Starbucks Corp.’s profits increased 29 percent in the three months leading up to Oct. 2, the company said today.
Sales beat analysts’ expectations in the quarter, rising 10 percent at US stores open at least 13 months and increasing 6 percent abroad, Bloomberg Businessweek reported. Sales for the quarter reached a record $3 billion, the Financial Times reported.
The company said new coffee shops in China and the US offset weaker sales in Europe, the Financial Times reported.
According to the Financial Times:
Starbucks’ profits were boosted by the one-off effects of real estate transactions and the purchase of joint venture operations, but its results underlined its status as one of the consumer companies not suffering from the economic gloom afflicting so many Americans.

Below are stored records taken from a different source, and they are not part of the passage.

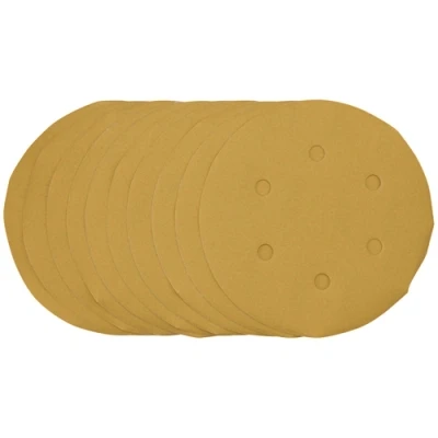 Pack of 10 gold sanding discs made from aluminium oxide with a special treatment of calcium stearate which is resin bonded to provide self-sharpening and anti-clogging performance. The heavy-duty D-Weight backing paper makes the sanding disc more durable - able to withstand the toughest jobs. The hook and loop backing offers decent adhesion to facilitate the fast changing of sanding discs. The six pre-punched 8mm holes improve the dust extraction during sanding. Ideal for sanding and finishing wood, metals - including ferrous alloys, painted surfaces, varnish, plastic and fillers. Compatible with all 150mm random orbit sanders with a hook and loop backing pad, including Draper Stock No. 65084, 83942 and 84125.
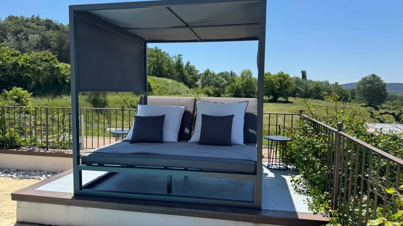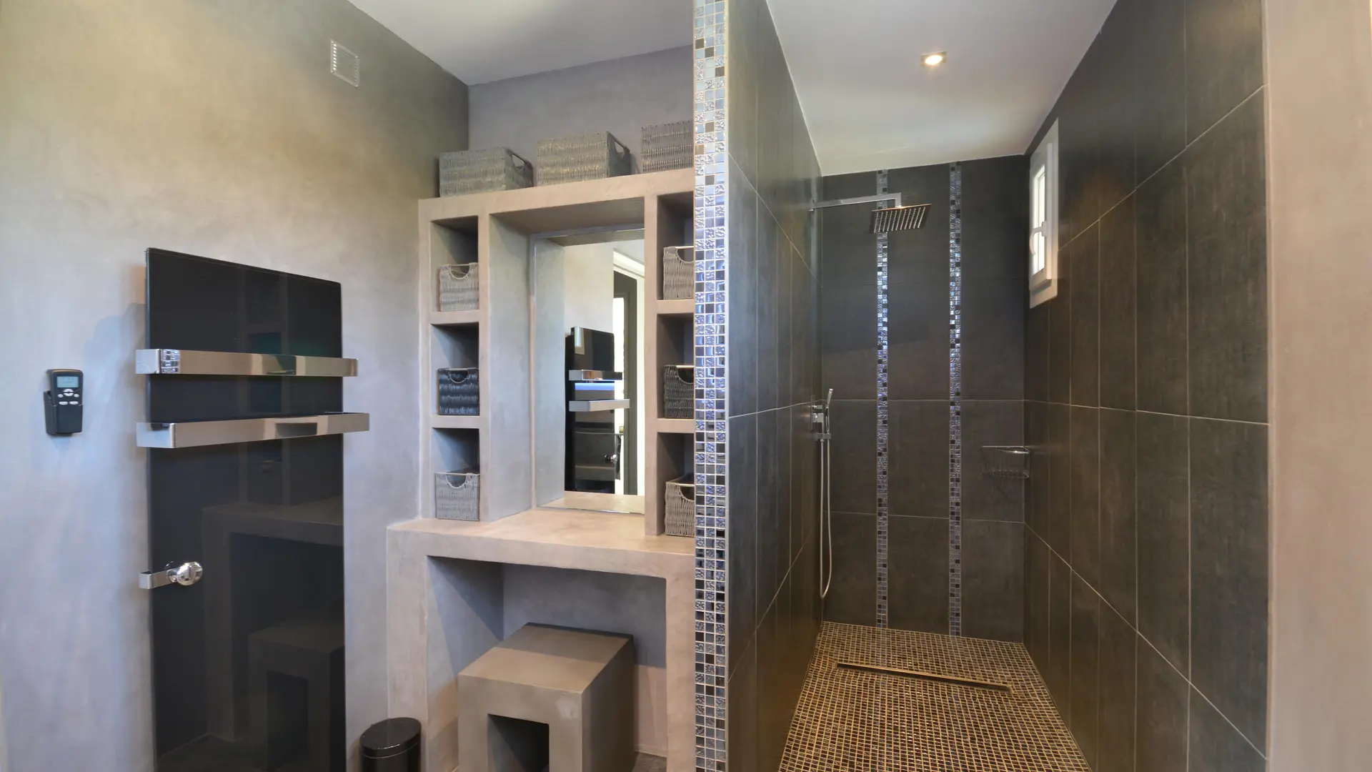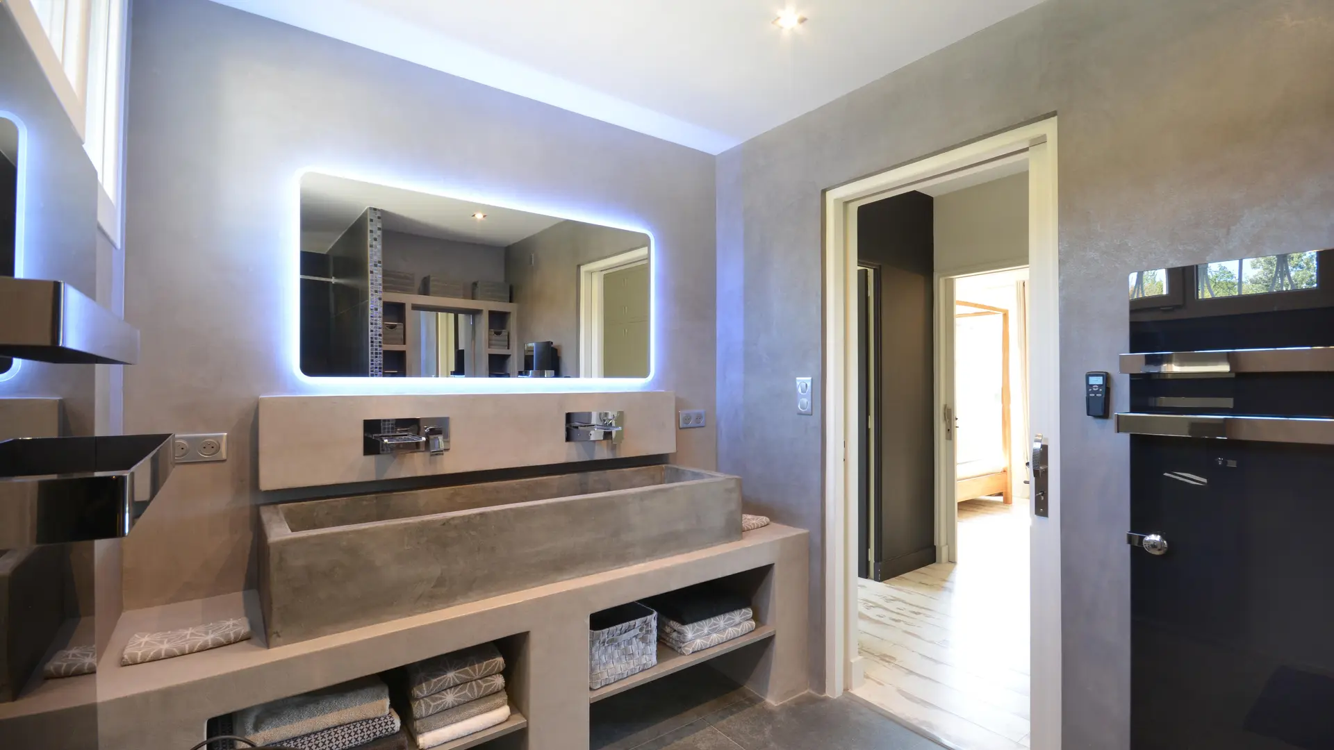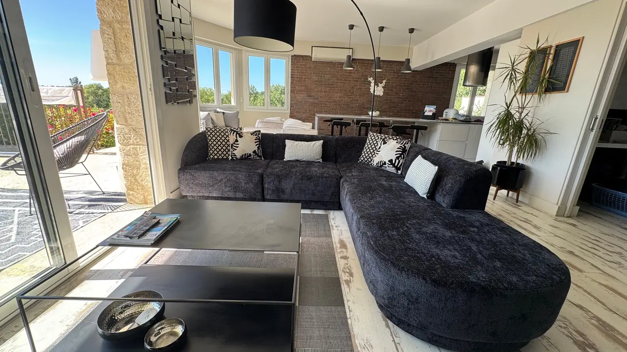 Eine große Terrasse von 150 m² im Süden führt zu einem sehr angenehmen Poolbereich mit einer Sommerküche, einer Plancha und Tischtennis.
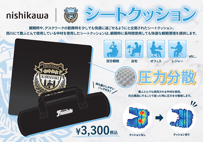 寝具メーカー『西川』製の高反発素材のシートクッション。スタジアム観戦時やデスクワークをより快適に過ごせる便利グッズ! 寝具メーカーの西川で販売されている敷ふとんで使用されている中材を採用しており、凸凹構造にすることによって、座った時の圧力を分散させます。長時間使用しても快適に、そして寒い時期に冷たくなる座席対策としてもオススメ。持ち運びが出来るオリジナル収納ケース付き。
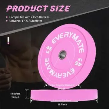 With an IWF standard size of 450 mm (17.72 inches) and varying thickness based on weight, our professional-grade bumper plates are perfect for all types of training, including strength training, weightlifting, and crossfit. Every aspect of the EVERYMATE weight plates has been meticulously crafted to support your fitness journey.
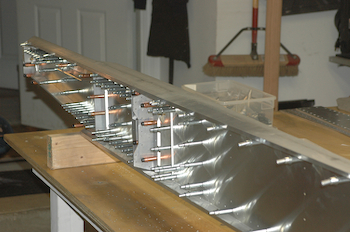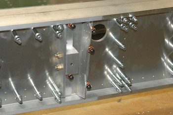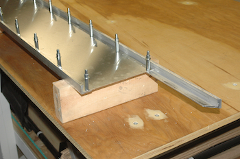 After all the tweaks and double checks it was time to drill. I started at the far end because access was easier and the kit supplied three spacers to use in that part of the spar. In the picture below you can see that I drilled through every fifth pilot hole from the end. A spacer was placed every 10 pilot holes – including the end – and I used a clamp across the spar to squeeze the caps together onto the spacer. Drill four holes add clecos, remove the spacer, reattach the spacer 30 holes down and repeat. A little more than halfway down the spacers can’t be used anymore. However, at this point the spar and the main web are now locked together fairly well and kept in place by the additional web material. As a double check, I used my square with the 90° head and the angle measuring head also set for 90°. The two heads were set 7 19/32 apart and I could slip it over the spar caps and make sure they were squeezed in just right. I didn’t get a picture of this but I will tomorrow. These are two pictures of the spars after the first pass of drilling.. |
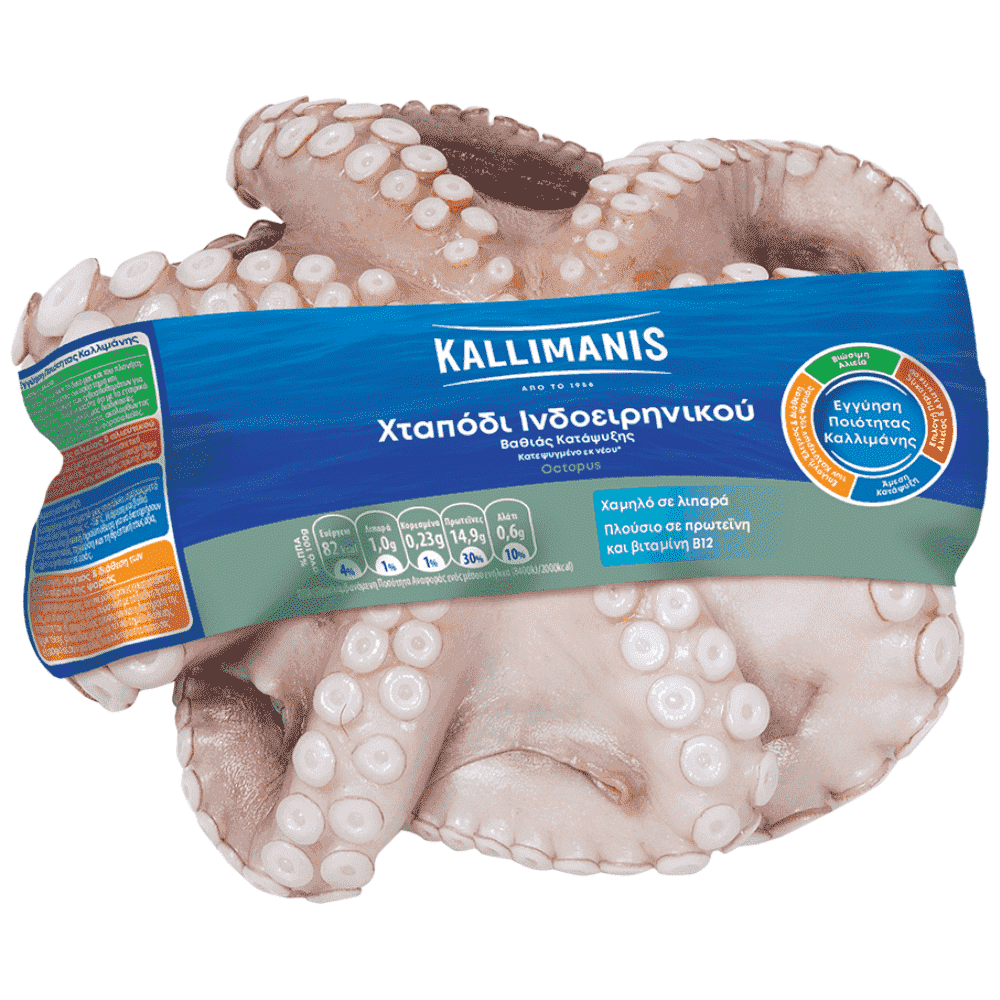 Το χταπόδι KALLIMANIS διατηρεί όλη τη φρεσκάδα και τη θρεπτική αξία της θάλασσας, χάρη στην άμεση κατάψυξή του αφού αλιευθεί. Προσέχουμε πάντα την περίοδο αλιείας, καθαρίζουμε προσεκτικά την κουκούλα του, το παραγουλίζουμε και το καταψύχουμε αμέσως. Η ανώτερη ποιότητά του είναι αντιληπτή από τις ολοστρόγγυλες, στητές βεντούζες του και το γυαλιστερό στητό του δέρμα. Ξεχωρίζει για τη μαλακή του σάρκα και τη γεύση του ενώ ενδείκνυται για πλήθος συνταγών και τρόπων μαγειρέματος. Το χταπόδι αποτελεί φυσική πηγή πλούσια σε πρωτεϊνη και βιταμίνη Β12 και με χαμηλή περιεκτικότητα σε λιπαρά.
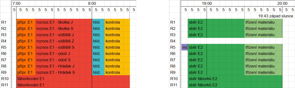 V minulé kapitole jsem zmiňoval překryv etap mezi sebou, to ale znamená, že musí být obě etapy roznesené zároveň. Vše obstarával jeden roznosový tým pod vedením Pepy Sabola, pro kterého jsem si připravil nelehký úkol. Nejdřív bylo potřeba roznést 87 kontrol na dopolední závod, ale ty se mohly posbírat až po uzavření cíle E1. V tu dobu už se ale běhalo semifinále, takže po roznosu Q+E1 bylo dále potřeba roznést 69 kontrol na odpoledne a až poté bylo možné sbírat dopolední a následně večer i odpolední závod.

“What we’re offering at the premium level is really resonating well with customers, despite what’s still a tough environment,” Chief Financial Officer Troy Alstead told Bloomberg Businessweek.
According to the Wall Street Journal:
Like the rest of the industry, Starbucks has been battling rising coffee costs and a struggling economy, but it has shown more resilience than many of its competitors, as consumers remain loyal to the brand despite the regular, modest menu price increases.
Starbucks said it plans to open 800 new cafes worldwide in fiscal 2012, including 150 in China, Marketwatch reported. Currently, Starbucks runs 10,900 stores in the US and about 6,000 overseas, according to Bloomberg Businessweek.
The company said its growth strategy also includes reviving sales of its bagged coffee and tea in grocery stores and cracking the single-cup coffee market through sales of its Via instant coffee packets and its new K-Cup portion packs for Green Mountain Coffee Roasters Inc.’s Keurig machine, Marketwatch reported.